Prekali was an Albanian tribe of the Middle Ages. Their origin was probably in the Dukagjin highlands of northern Albania. Since the 16th century, the Prekali tribe gradually became part of other communities in that region.

== History ==
Prekali was a community based on kinship ties that can be traced back to one progenitor. In that sense, it was a bashkësi (union of brotherhoods), but not a fis, as for a tribe to be a fis it has to have exclusive communal property rights in a given territory, which is part of their hereditary community. Their name comes from the Albanian personal name Preka. In the cadaster of Venetian Shkodra, there were two villages named Prekal on the modern Albania-Montenegro border and most of their inhabitants held the patronymic Prekali, an indication that the villages were communal settlements of this tribe. The village of Gaduçi was also mostly inhabited by this tribe. Prekali nën shkallë, headed by pronoiar Jonema Prekali was near the Buna river between the villages of Pentari and Luarzë. Prekali in the mountains (Prekali në mal) headed by Andrea Prekali was on the right bank of the river. Gaduçi headed by Gjin Prekali was near Velipoja in the settlement of Malkolaj.

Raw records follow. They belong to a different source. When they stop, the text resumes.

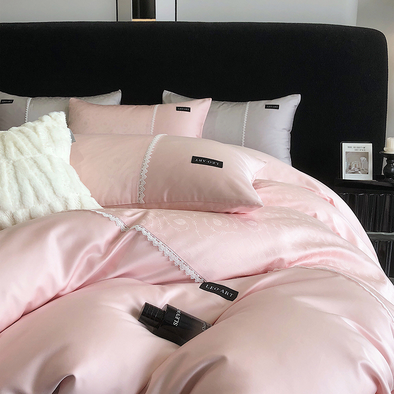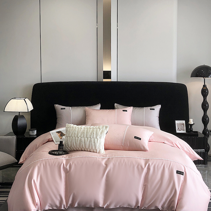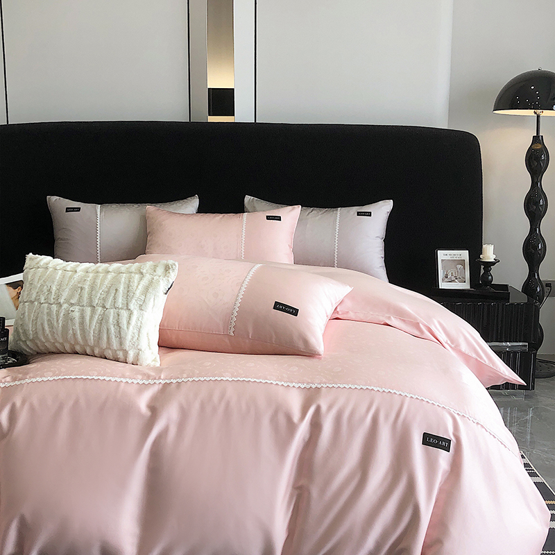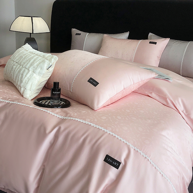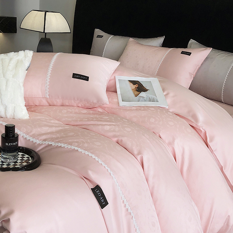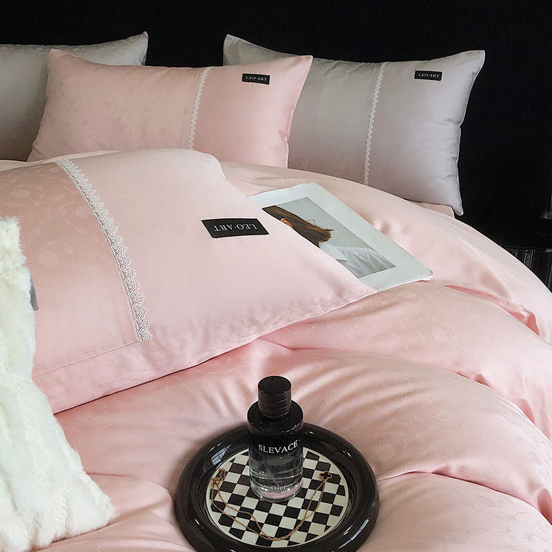 佳汐蓝家纺 2024新款天丝棉提花花边四件套 洛可可-粉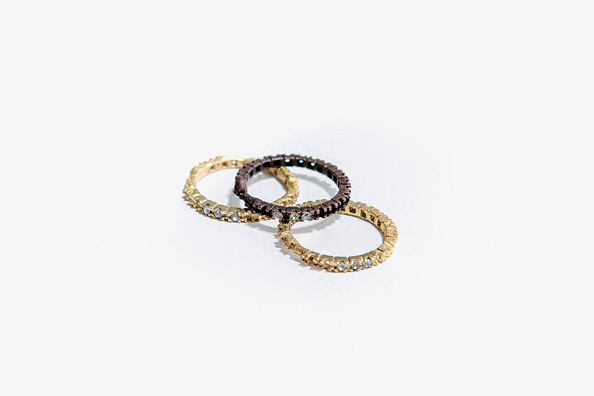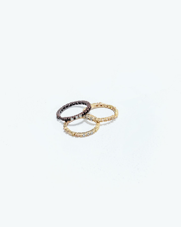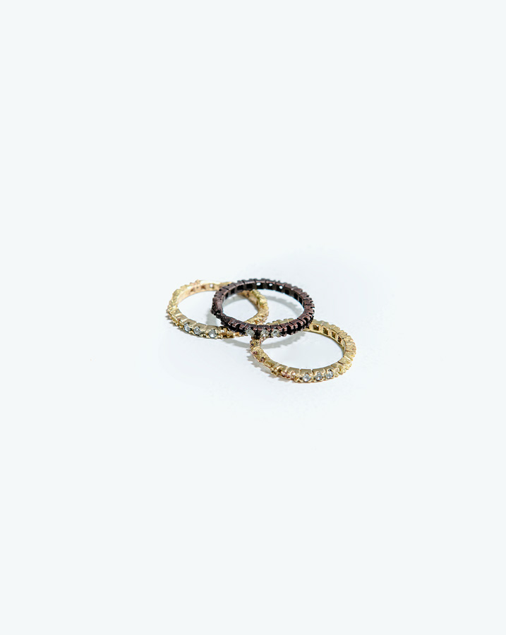 Brass ring with embedded green olivinas. Tree versions- silver, silver golden plated or oxidized.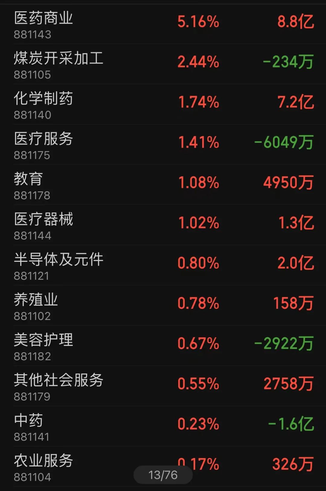 盘面上,医药股早盘集体走强,医药商业、辅助生殖、煤炭、养殖、医美等板块涨幅居前,此前连续大涨的油气开采、天然气、建筑装饰、港口、东数西算等板块和概念回调。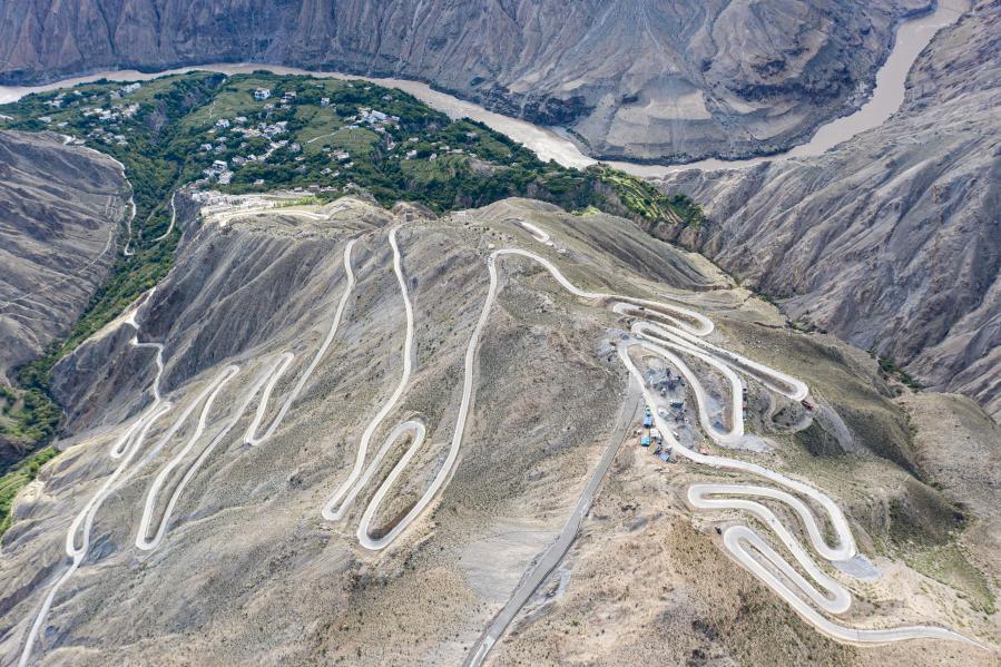 通向西藏昌都市左貢縣怒江峽谷沿岸東壩鄉(xiāng)的公路(2020年9月13日攝,無(wú)人機(jī)照片)。新華社記者 普布扎西 攝

In the defter of the Sanjak of Scutari in 1485 Prekali appears spread throughout the lands north-east of Shkodër and Drisht. The village of Gur i Zi in which the tribe held property in 1416, appears as also having the name Prekal in 1485, an indication of their settlement there. A century later, in the defter of 1582, their village near the plains of the Buna river appears under two names Shul Prekala or Gjergj Bardhi.

A branch of Prekali was on the process of becoming a feudal family in the early 15th century. For example, in the 1416-17 cadaster one of them Petro Prekali appears as ducal citizen of Balec. Others in the cadaster appear as pronoiars recognized by Venice in villages of the area. Many others lived in villages throughout the region south of Shkodra. The Ottoman conquest of the country stopped this feudalization process and as many in northern Albania, their community underwent a retribalization of social relations. In this period, the village Prekal appears which still exists today on the banks of the river Kir in the municipal unit of Postribë. Of the five brotherhoods of this village, the Lekçaj (also known as Ulqaj) are descendants of the Prekali founders. The other four descend from Shoshi, which is about 20km north of Prekal.